Which is why, of course, I looked for my father in The Book of the Unknown Dead that day. Had he been one of the hobos? The man who had jumped? The one in the back of the limo?
“But I never finished,” I say.
“Why not?”
“Curphey called.”
• • •
He was in his lab coat, pipe in his mouth, paging through a manila folder and talking on the black telephone when I walked in. He looked up, narrowed his eyes, and said, “May I call you right back?” He hung up and nodded at me. “Sit down, Ben.”
I did.
“I’ve been thinking a lot about you.”
“You have?”
“What you said about the diary.”
“What about it?”
“You said it was in the Monroe home. But Captain Hamilton sent his men to her home and found nothing.”
Captain Hamilton.
“You didn’t take it, did you?”
I lied: “No.”
“Where is it?”
I said nothing.
“Look, I understand the pressures here, Ben. Really. Which is why you should relax. You deserve to. You haven’t had a break in quite a while.”
“It’s been busy.”
“I know. But a man has to live. A man has to take care of himself. I worry that you’re not.” He slid an envelope emblazoned with the LACCO logo across the desk.
“Open it.”
I did: It contained one round-trip TWA ticket to Cleveland.
“Cleveland?”
“I want you to go on vacation, and not think about your job. And not worry about Marilyn Monroe. So we’ve arranged for you to spend some time in Cleveland. A
t the Pick-Carter. You heard of it?”
“I’ve hardly even heard of Cleveland.”
“It’s a lovely hotel. You can only do your job when you’re thinking clearly.”
“I’m thinking clearly.”
“Oh?”
“You don’t believe me.”
A voice at the door: “Dr. Curphey?”
He looked up. “Yes?”
His secretary. “May I see you for a second, please.”
Curphey looked at me as he left the office.
I tapped my finger on his desk and looked around, at the window, the TV, the golf clubs . . . and the bookshelf:
Volumes of history, psychology, forensics . . . and The Enemy Within by Robert Kennedy.
Bingo.
I took the book down from the shelf and opened it.
“Dear Dr.
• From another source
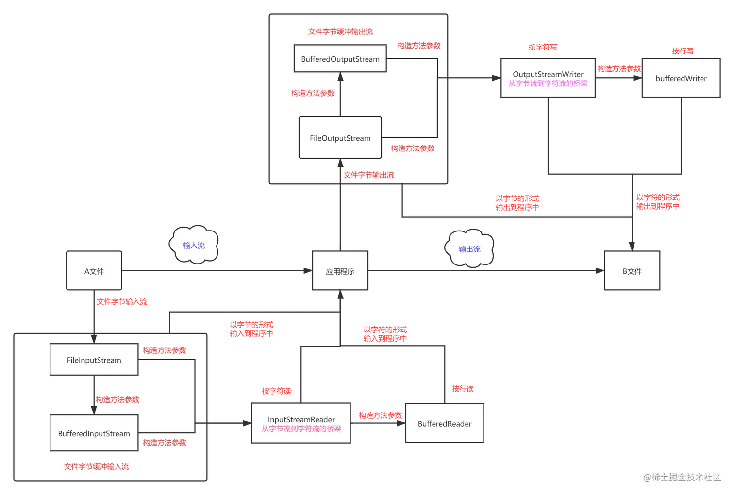 首先我们始终记住一点:我们的输入流、输出流是相对我们编写的应用程序来说的。

Curphey,” read the inscription on the inside plate: “With thanks and gratitude. Yours ever, Bobby.”
24.
I was on the second floor of the library on Fifth, reading The Enemy Within by the green light of a lawyer’s lamp on a long oak table. The Monroe diary sat to my right. It was late, I didn’t know what time, and I was alone except for the bum who slept with his head on crossed arms two tables ahead. He kept moving in his sleep, snakelike. A severe librarian sat behind the desk in the middle of the room.
I lit a cigarette. I dragged and tried to tamp the ash, but there was no ashtray. I set the butt on the edge of the desk and returned to the book.
In 1955, Robert Kennedy was chairman of the Senate Select Committee on Improper Activities in the Labor or Management Field, also known as the McClellan Committee. Senator John McClellan, D-Arkansas, was chairman. The investigation into Teamster president Dave Beck and, later, Jimmy Hoffa began when the subcommittee started nosing into mob and Teamster involvement in the manufacturing and distribution of clothes for the military.